Magritte’s message is particularly apt in our view of marketing data. As marketers, we use our marketing data all the time in measuring and assessing user behavior related to digital advertising and engagement. But it is extremely important to remember that marketing data is an imperfect representation of user behavior and not a perfect simulation.

There are three main reasons that marketing data is imperfect. The first is in the nature of tracking. Tracking is technically limited in its scope and reach.  At best, tracking can measure engagement from the same device over time, or the same multi-device account over time. This only works if the tracking is implemented correctly in the first place and is not disabled by the end user.

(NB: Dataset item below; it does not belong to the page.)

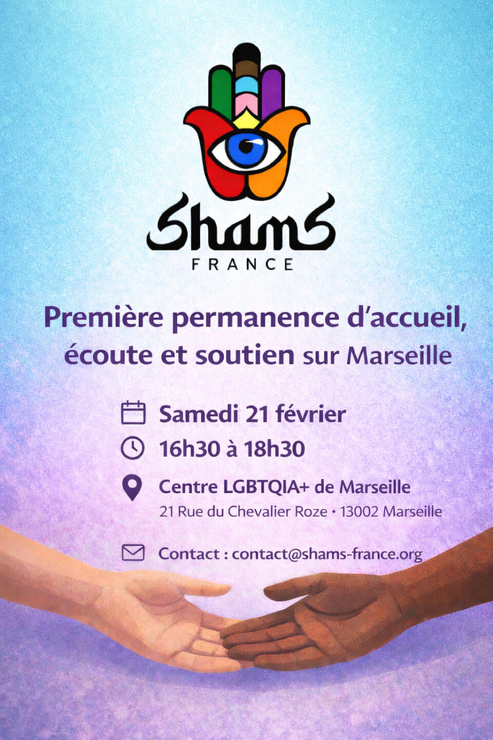Shams-France Marseille met en place des permanences d’accueil individuelles destinées aux personnes LGBTQI+ qui rencontrent des difficultés sociales, administratives, personnelles ou de santé. Ces permanences sont ouvertes à toute personne ayant besoin d’écoute, de soutien ou d’orientation, sans condition, dans un cadre bienveillant, confidentiel et respectueux des parcours de vie.

Because of the technical limitations of tracking there will always be engagement that is not tracked because of multi-device use, the amount of time for which the tracking is active (cookie window), or because of personal opt-out at the user level either by choice or by browser pre-set settings.

The second main source of imperfection in marketing data is in user behavior.  As humans we have a wide variety of choices and methods of interacting with advertising. Some of us choose to avoid interacting with advertising as much as possible while some of us behave in the opposite fashion. Some of us will choose not to click on ads at all, some of us don’t hesitate. Some of us need to heavily research purchases, some don’t. There is not one engagement path that is adhered to by all users yet often our data is interpreted through a “single funnel” lens that introduces inaccuracies in interpreting data.

The last main source of data imperfection is in data integrity. The cleaning and analyzing of data must align with the knowledge being sought. De-duping rules will differ by business model. Attribution will vary based on external factors such as affiliate payment rules (and will still never tell a 100% accurate story). Data dropout can cause interpretation issues.

So what is a marketer to do?

The best thing you can do is to fully utilize data to test your own model of reality.  The best data firms don’t blindly use data but instead use it to inform their perception of reality.  For example, if you know that a percentage of social users engage with your brand without clicking on ads and instead show up as brand search or No Referrer traffic, you should try to assess: how much, how can that magnitude be assessed and what impact does it have on my decisions as a marketer if I can hypothesize about non-measured (but real!) activity.

Magritte’s point  is well-made. Our data is not reality, but an imperfect reflection of reality biased by user behavior, technical limitations, and process. Our best response is to acknowledge and accept this and use it to our advantage.